Daniel Pliński: Początek może być trudny

Daniel Pliński, podobnie jak jego koledzy z PGE Skry Bełchatów, nie może narzekać na nudę i brak meczów o najwyższe cele. Dopiero co zdobył klubowe wicemistrzostwo świata, a już jedzie grać o Puchar Wielkich Mistrzów, gdzie będzie bronić honoru naszego kontynentu.

Można powiedzieć, że nasza reprezentacja jedzie do Japonii praktycznie z marszu. Z uwagi na udział siatkarzy mistrza Polski w klubowych mistrzostwach świata, trener Daniel Castellani nie mógł przeprowadzić normalnego cyklu przygotowawczego. - Uważam, że treningi w Bełchatowie były na dobrym poziomie, a fakt jest taki, że mieliśmy mało czasu, by się przygotować do tego turnieju. Przed nami ciężka podróż i wierzę, że damy radę i przywieziemy medal, jedziemy o to walczyć - wyjaśnia Daniel Pliński.

Niestety i tym razem kadra nie mogła wyjechać w najsilniejszym składzie. Dwaj kluczowi zawodnicy naszej reprezentacji, Paweł Zagumny i Piotr Gruszka nie wezmą udziału w imprezie. Pierwszy nie mógł pojechać ze względów osobistych, drugi z powodu kontuzji. Tak więc pech nie opuszcza drużyny, ale wydaje się, że przeciwności losu wyjątkowo ją hartują w myśl zasady, że co nas nie zabije, to nas wzmocni.

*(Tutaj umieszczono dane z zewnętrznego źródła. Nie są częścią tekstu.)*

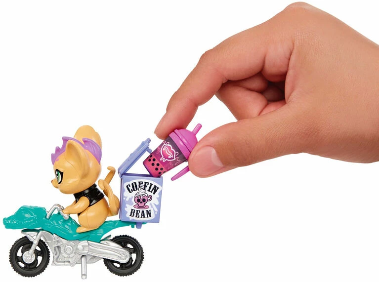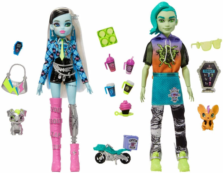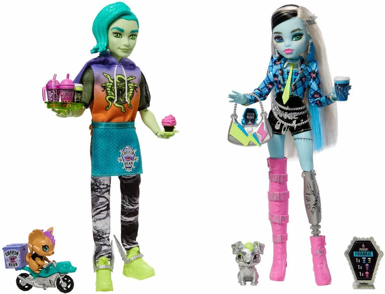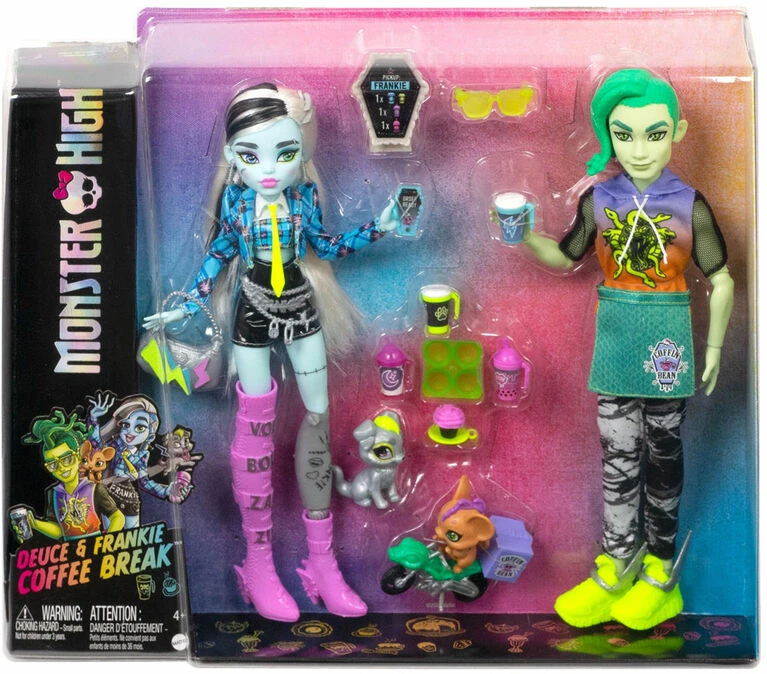 With Boo-ology midterms coming up, Frankie Stein wants to treat themself to a dreadfully delish drink! Frankie Stein stops by the Coffin Bean, and Deuce Gorgon whips up an eek-spresso to get his friend’s volts zapping so they can bolt to class. The Frankie and Deuce Coffee Break doll two-pack offers expanded play for the much-adored Coffin Bean café, including spooktacular accessories to enhance storytelling. Deuce Gorgon doll’s mouse Perseus zips through the hallowed halls of Monster High on his bike, delivering piping hot creep-uccinos to its busy students. Meanwhile, Frankie Stein doll’s pet dog Watzie shines in metallic silver! Dolls cannot stand alone. Colors and decorations may vary.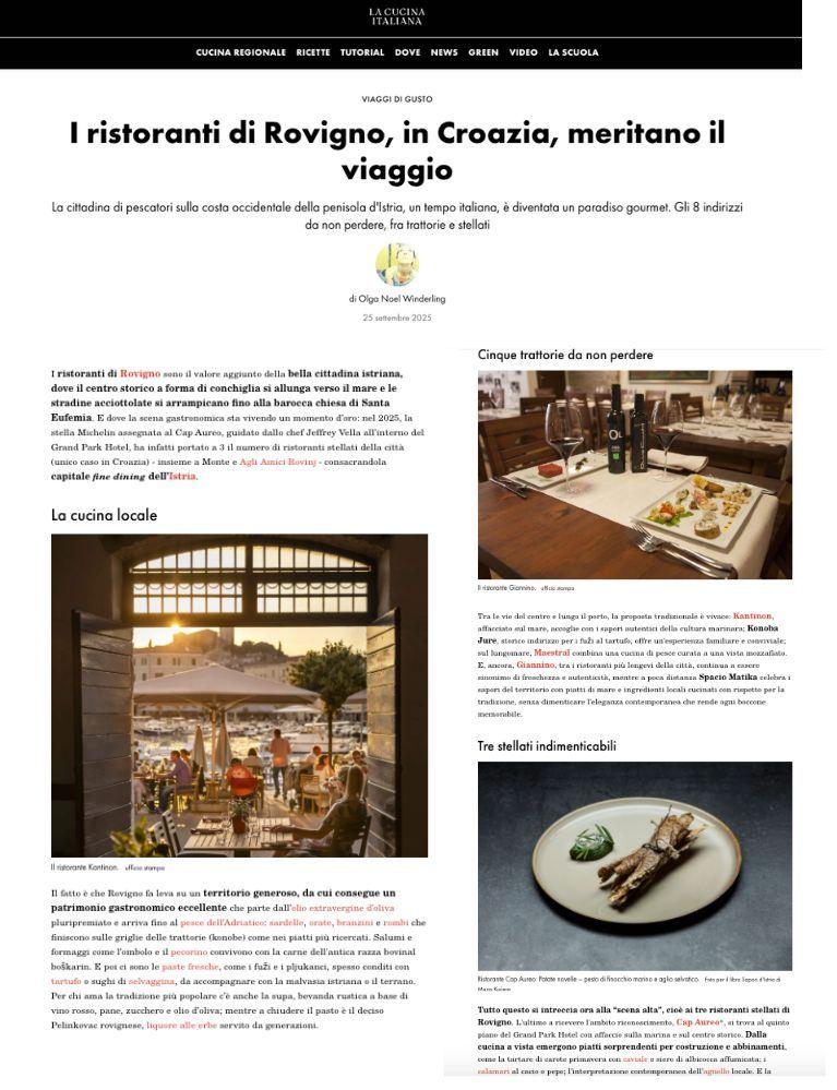Talijanski kulinarski magazin La Cucina Italiana objavio je članak autorice Olge Noel Winderling, u kojem se Rovinj predstavlja kao gourmet destinacija s tri restorana s Michelinovom zvjezdicom, što ga čini jedinim gradom u Hrvatskoj s tolikom visokom kuhinjskom ponudom, te kao grad u kojem se tradicija i inovacija susreću kroz vrhunsku gastronomiju. Autorica navodi osam restorana koje vrijedi posjetiti, od konobi do fine dining institucija u kojima se koriste domaći sastojci poput istarskog maslinovog ulja, tartufa i boškarina. Članak opisuje kako Rovinj svoj estetski šarm starih kamenih ulica, prošarane kuće i marina pretvara u kulinarski centar Istre, zahvaljujući ne samo lokaciji i baštini već i konceptu vrhunskog odmora za ljubitelje dobre hrane.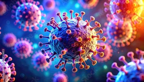 Detailed Visualization of Viruses in a Colorful Microscopic Environment

Najbardziej doświadczony polski środkowy z respektem odnosi się do umiejętności Brazylijczyków, ale uważa, że każdego można pokonać. Najbardziej niepokoi go pierwsze spotkanie, ponieważ rozegrane będzie w najgorszym, trzecim dniu aklimatyzacji, a dodatkowo z gospodarzami turnieju - Japończykami. - Mamy duże szanse i możliwości, ale wszystko zweryfikuje boisko. Chcemy walczyć i zwyciężać - kończy Pliński.